Material for the task>

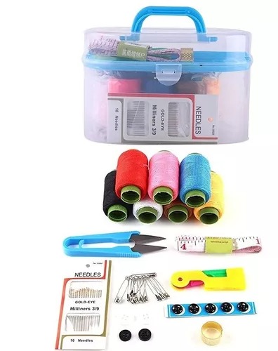 Kit De Costura Con Estuche Hilos Agujas Botones Ganchos
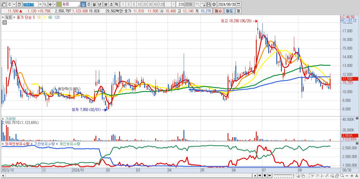 - 워트 (11,500원 ▲ 10.79% , 시총: 1,854억, 거래량: 2,550,797, 거래대금:296억)
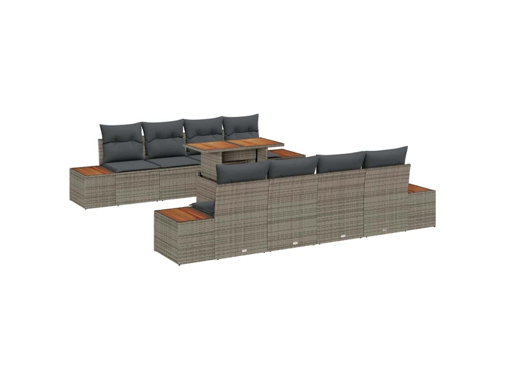 - Zahrnuté komponenty: Sada obsahuje čtyři boční pohovky a čtyři centrální sedáky, které mají úložný prostor. Zakončuje ji stylový zahradní stůl, takže máš kompletní balíček pro všechny tvoje venkovní sezení a vibes.
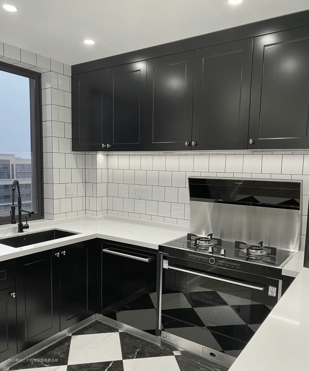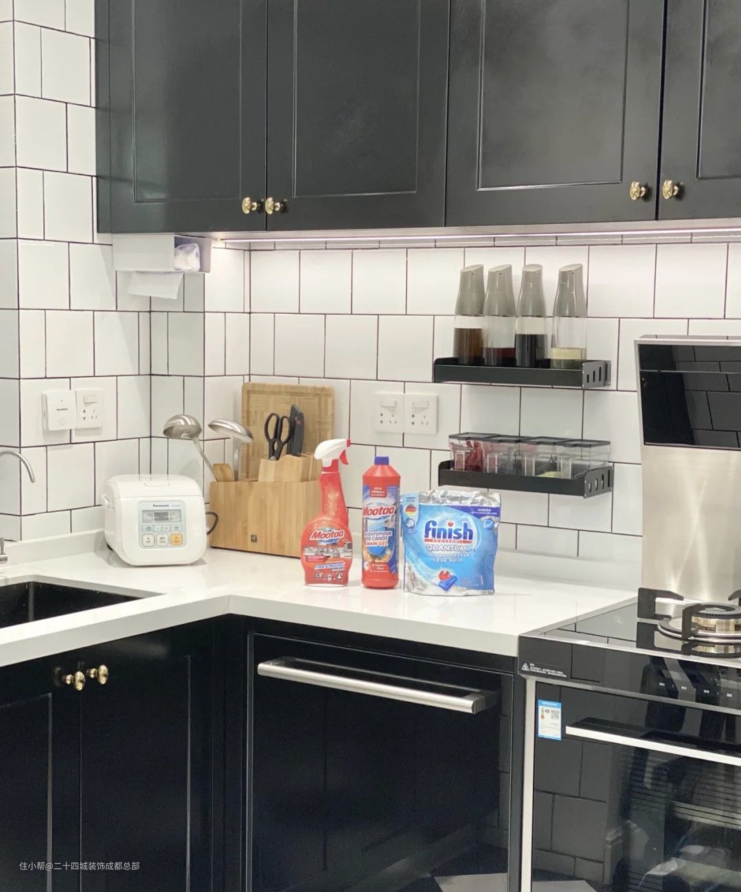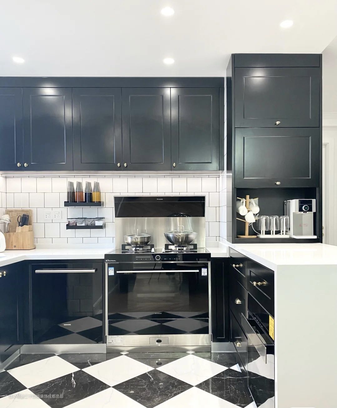 定制了橱柜,黑色的柜门搭配银色的把手,给人以神秘莫测的深邃感,整个空间黑白搭配,干净简约,颜值也很高,增加了厨房的储物收纳空间。
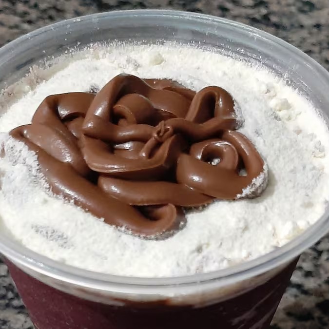 Delicioso Açaí com leite em Pó e Creme de Avelã com Cacau.
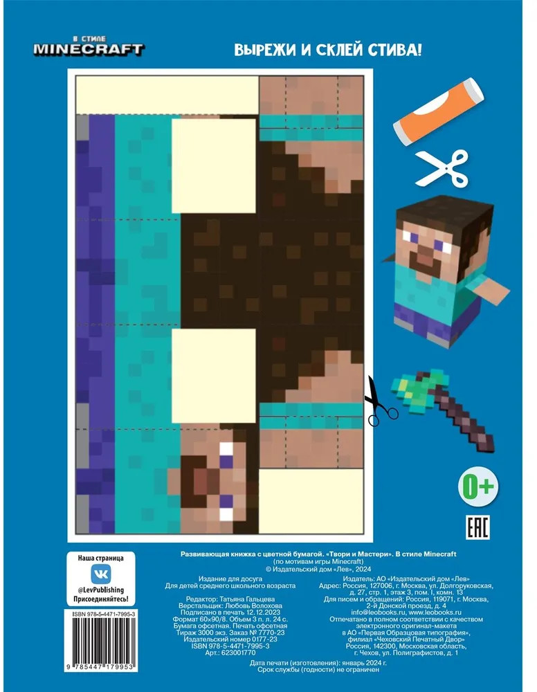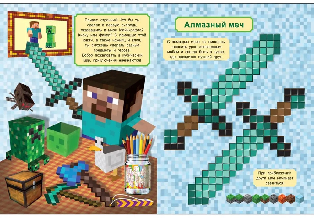 Minecraft. Развивающая книжка-вырезалка. Твори и мастериВ данный момент этот товар отсутствует в продаже. Возможно, у нас найдется аналогичный или похожий товар здесь. Привет, странник! Что бы ты сделал в первую очередь, оказавшись в мире Майнкрафта? Кирку или факел? С помощью этой книги, а также ножниц и клея, ты сможешь сделать разные предметы, мобов и героев. Добро пожаловать в кубический мир, приключения начинаются! Вырежи и склей: алмазный меч, сундук, фигурку паука, бумагу для фонаря или карандашницы, рамку для фотографии, закладку-косичку, фигурку волка, кирку, фигурку гуся, коробку-крипера, алмазный топор. |
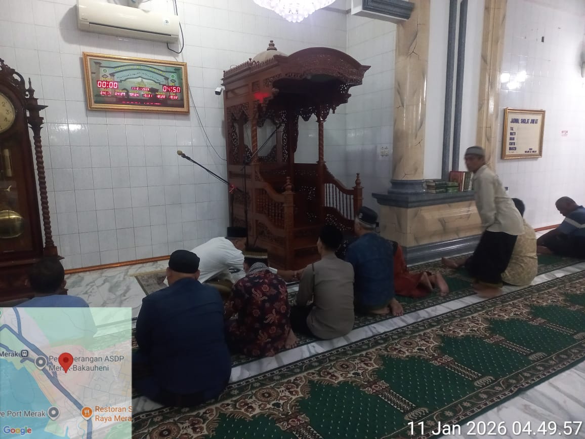 Cilegon – Personil Kskp Merak Polres Cilegon Polda Banten menggelar kegiatan Pembinaan Rohani dengan shalat subuh keliling di Masjid Yang ada Di Daerah hukum Polsek Kp Merak Polres Cilegon Polda Banten, Minggu (11/01/2026).
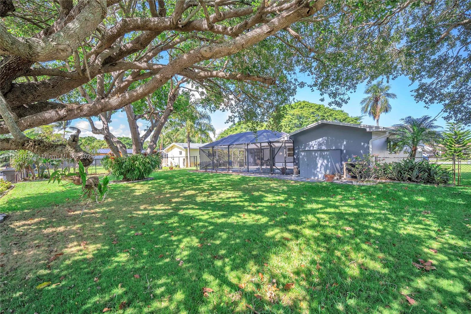 Tropical paradise! Extensively remodeled 3 BR, 2 full bath pool hm, spectacular 10,794 sq ft fenced corner lot. Enjoy fully screened covered patio, pool, gorgeous grass backyard, shade trees, huge avocado tree, numerous tropical plantings. Iimpact windows, doors, 2011 roof. 2017 eat-in kitchen, stainless steel appliances, granite counters, wood cabinetry. Remodeled primary suite, double sliding impact glass doors as private pool entrance, 2017 updated bathrm. One car garage, big circular paver driveway, all the parking you could want. 2019 American Standard package A/C, 2018 water heater, 2017 electric, 2024 exterior paint. Awesome location, walk to schools, Memorial Hospital childcare, Memorial/DiMagio Hospital complex, minutes to beach, Hard Rock Casino, Airport, much more. No HOA fees!
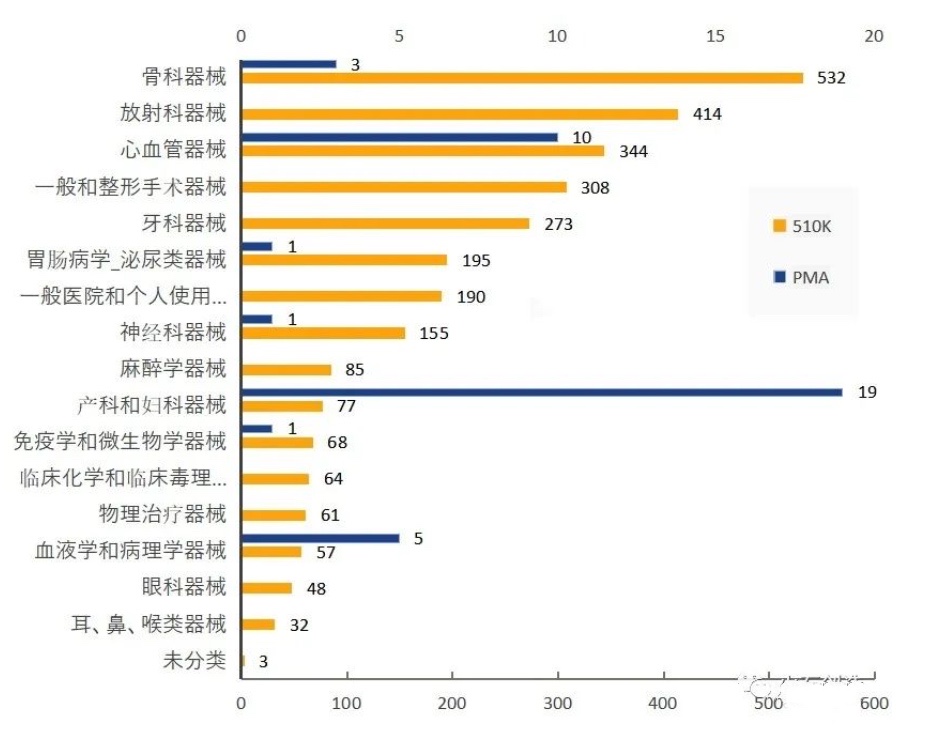 截止2021年1月4日,2020年美國FDA共批準(zhǔn)2906個510(k)途徑的產(chǎn)品—心血管類產(chǎn)品數(shù)量名列前茅。
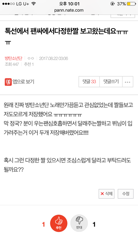 +감사합니다!!!)톡선에서 팬싸다정한짤 보고 왔는데요!!!!!!!
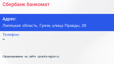 Сбербанк, банкомат по адресу Липецкая область, Грязи, улица Правды, 28 в дальнейшем Организация, размещена в следующих категориях:
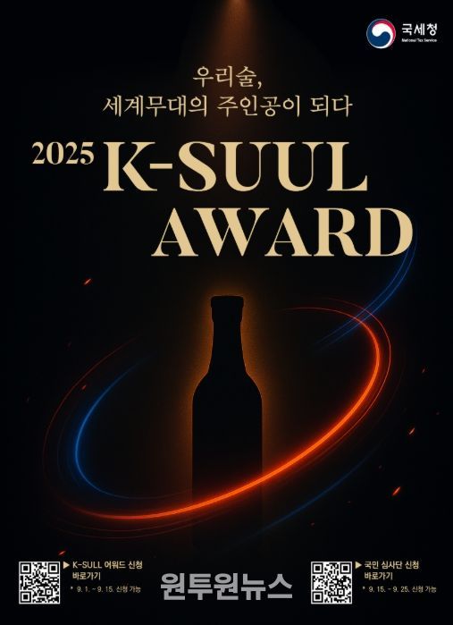 (원투원뉴스) 국세청은 세계적인 명품주로 성장할 수 있는 중소기업의 우수 주류를 발굴하여 해외시장 진출을 지원하기 위해, 국세청이 주관하는 '2025 K-SUUL AWARD'를 최초로 개최할 예정이다.

What this task involves> Copy out the listing word for word and skip its pictures.

Response>
 Kit De Costura Con Estuche Hilos Agujas Botones Ganchos
 - 워트 (11,500원 ▲ 10.79% , 시총: 1,854억, 거래량: 2,550,797, 거래대금:296억)
 - Zahrnuté komponenty: Sada obsahuje čtyři boční pohovky a čtyři centrální sedáky, které mají úložný prostor. Zakončuje ji stylový zahradní stůl, takže máš kompletní balíček pro všechny tvoje venkovní sezení a vibes.
 定制了橱柜,黑色的柜门搭配银色的把手,给人以神秘莫测的深邃感,整个空间黑白搭配,干净简约,颜值也很高,增加了厨房的储物收纳空间。
 Delicioso Açaí com leite em Pó e Creme de Avelã com Cacau.
 Minecraft. Развивающая книжка-вырезалка. Твори и мастериВ данный момент этот товар отсутствует в продаже. Возможно, у нас найдется аналогичный или похожий товар здесь. Привет, странник! Что бы ты сделал в первую очередь, оказавшись в мире Майнкрафта? Кирку или факел? С помощью этой книги, а также ножниц и клея, ты сможешь сделать разные предметы, мобов и героев. Добро пожаловать в кубический мир, приключения начинаются! Вырежи и склей: алмазный меч, сундук, фигурку паука, бумагу для фонаря или карандашницы, рамку для фотографии, закладку-косичку, фигурку волка, кирку, фигурку гуся, коробку-крипера, алмазный топор. |
 Cilegon – Personil Kskp Merak Polres Cilegon Polda Banten menggelar kegiatan Pembinaan Rohani dengan shalat subuh keliling di Masjid Yang ada Di Daerah hukum Polsek Kp Merak Polres Cilegon Polda Banten, Minggu (11/01/2026).
 Tropical paradise! Extensively remodeled 3 BR, 2 full bath pool hm, spectacular 10,794 sq ft fenced corner lot. Enjoy fully screened covered patio, pool, gorgeous grass backyard, shade trees, huge avocado tree, numerous tropical plantings. Iimpact windows, doors, 2011 roof. 2017 eat-in kitchen, stainless steel appliances, granite counters, wood cabinetry. Remodeled primary suite, double sliding impact glass doors as private pool entrance, 2017 updated bathrm. One car garage, big circular paver driveway, all the parking you could want. 2019 American Standard package A/C, 2018 water heater, 2017 electric, 2024 exterior paint. Awesome location, walk to schools, Memorial Hospital childcare, Memorial/DiMagio Hospital complex, minutes to beach, Hard Rock Casino, Airport, much more. No HOA fees!
 截止2021年1月4日,2020年美國FDA共批準(zhǔn)2906個510(k)途徑的產(chǎn)品—心血管類產(chǎn)品數(shù)量名列前茅。
 +감사합니다!!!)톡선에서 팬싸다정한짤 보고 왔는데요!!!!!!!
 Сбербанк, банкомат по адресу Липецкая область, Грязи, улица Правды, 28 в дальнейшем Организация, размещена в следующих категориях:
 (원투원뉴스) 국세청은 세계적인 명품주로 성장할 수 있는 중소기업의 우수 주류를 발굴하여 해외시장 진출을 지원하기 위해, 국세청이 주관하는 '2025 K-SUUL AWARD'를 최초로 개최할 예정이다.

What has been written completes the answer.